Lastly, there are a few limitations of the proposed approach. In cases with short monitoring records, variations in annual load contributions from top load events during extremely wet or dry years might affect the regression relationships due to extreme values. Similarly, changes in nutrient application patterns and land management practices within a watershed might skew a regression relationship developed during a short monitoring period. Nonetheless, our analysis clearly outlines the role of a few large events in predicting annual pollutant loads. By reducing regular monitoring during low flow periods in a given water year and increasing the focus on big load events, which are generally linked to peak flows, annual pollutant loads may be predicted with a greater efficiency.

5. Conclusions

The research results provide an additional understanding of riverine pollutant dynamics in relation to hydroclimatic variations and land-use. In particular, this study evaluated the role of large load events in annual pollutant load export by assessing the predictability of annual TON, TP, and SS loads based on top load events in a year. It also provided a comprehensive analysis of long time-series of multiple constituents at eight watersheds with different land-uses, located in the Midwestern United States.
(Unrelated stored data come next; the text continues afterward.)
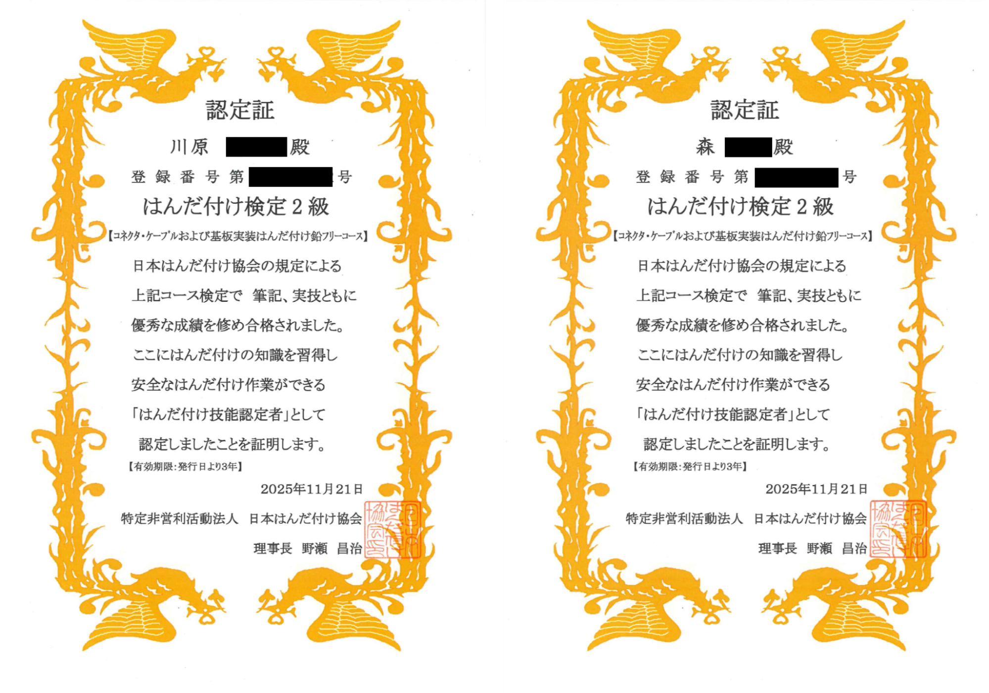 2025年12月9日特定非営利活動法人 日本はんだ付け協会 が主催する「はんだ付け検定2級」に当社社員2名が合格しました。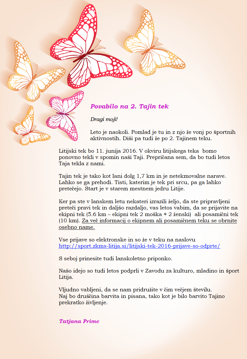 Litijski tek bo 11. junija 2016. V okviru litijskega teka bomo ponovno tekli v spomin naši Taji. Prepričana sem, da bo tudi letos Taja tekla z nami.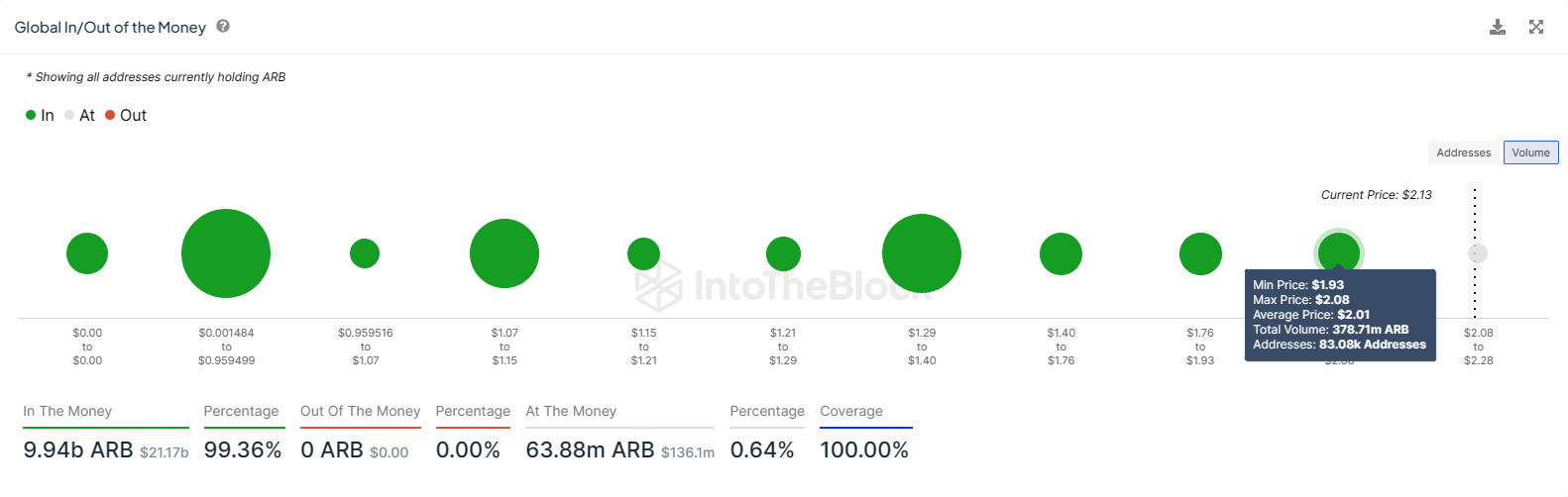 ARB holders are likely poised to hold off on selling until the aforementioned level is breached. This is because about 64 million ARB worth over $140 million is at the cusp of turning profitable.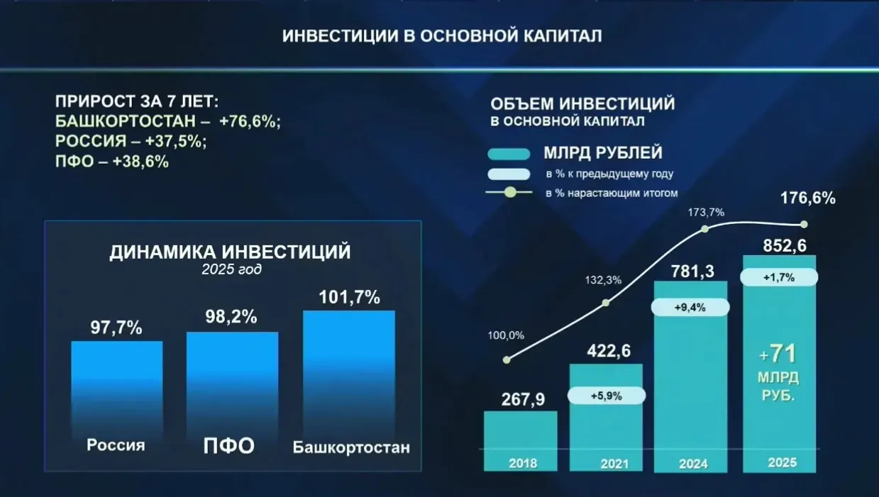 Инвестиции в экономику Башкортостана в 2025 году достигли исторического максимума 853 млрд рублей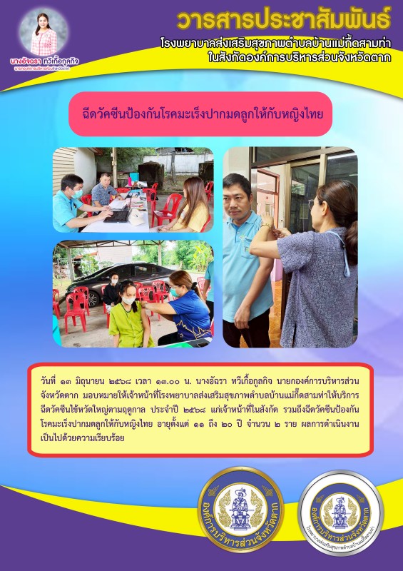 ฉีดวัคซีนป้องกันโรคมะเร็งปากมดลูก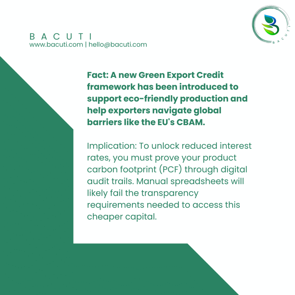 Fact: A new Green Export Credit framework has been introduced to support eco-friendly production and help exporters navigate global barriers like the EU’s CBAM.

A modified pollutant-specific baseflow separation technique was designed to identify high-flow events, and consequently, loads exported during these high-flow events. The results confirm and illustrate the existence of correlations between the pollutant loads exported during a few top load events and the total annual pollution loads. For each watershed size, land-use, and constituent, the study also determined the strength and significance of these correlations.

The results also provide some additional practical insights. They suggest that monitoring programs could be more cost-effective if they are designed to focus more on the loads exported during top load events. In addition, a better understanding of the feedbacks between hydroclimatic variability and load dynamics is critical for designing appropriate conservation practices and, ultimately, for validating nutrient reduction goals [44,45,46].